Source data START
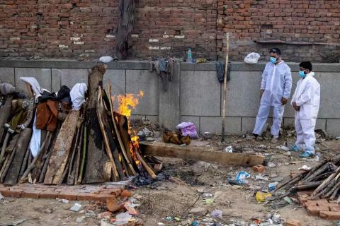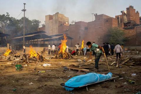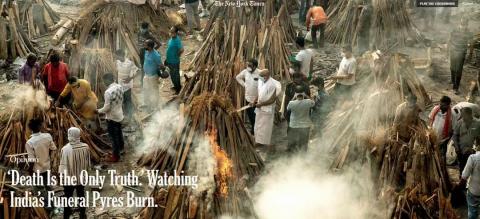 图为印度疫情高峰时被媒体嘲笑的景象——印度是个宗教国家,"露天焚化"是印度教的传统方法,要死者儿子才有权点火的——殡仪馆忙不过来时,不用插队费的"自助"方法。
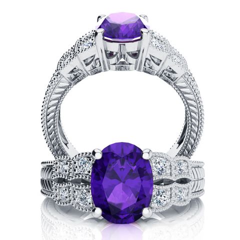 1 3/4 Carat Oval Shape Amethyst and Diamond Ring In 10 Karat White Gold
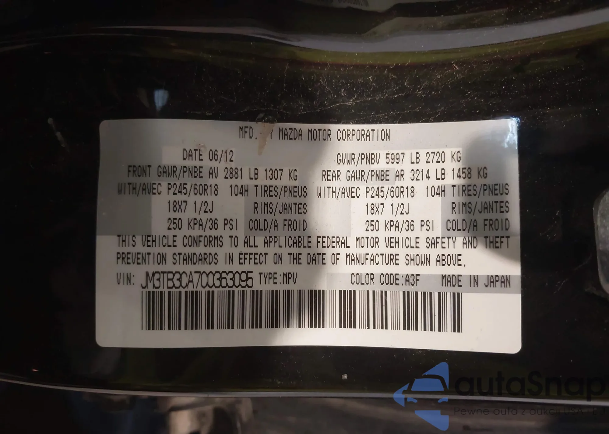 • VIN JM3TB3CA7C0363095
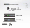• в режиме преобразователя: поддержка приемников с различными интерфейсами (DVI, DisplayPort или HDMI) - Передача сигналов интерфейса RS-232 - позволяет подключать терминалы или устройства с последовательным интерфейсом, такие как сенсорные экраны и сканеры штрих-кодов
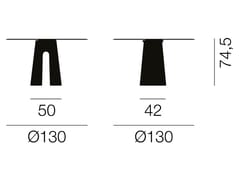 Ancora è un tavolo rotondo con base in cemento e top in MDF impiallacciato rovere.
Source data END
■ Your task: Return the material exactly as given above, picture-free.

■ Written response:
 图为印度疫情高峰时被媒体嘲笑的景象——印度是个宗教国家,"露天焚化"是印度教的传统方法,要死者儿子才有权点火的——殡仪馆忙不过来时,不用插队费的"自助"方法。
 1 3/4 Carat Oval Shape Amethyst and Diamond Ring In 10 Karat White Gold
 • VIN JM3TB3CA7C0363095
• в режиме преобразователя: поддержка приемников с различными интерфейсами (DVI, DisplayPort или HDMI) - Передача сигналов интерфейса RS-232 - позволяет подключать терминалы или устройства с последовательным интерфейсом, такие как сенсорные экраны и сканеры штрих-кодов
 Ancora è un tavolo rotondo con base in cemento e top in MDF impiallacciato rovere.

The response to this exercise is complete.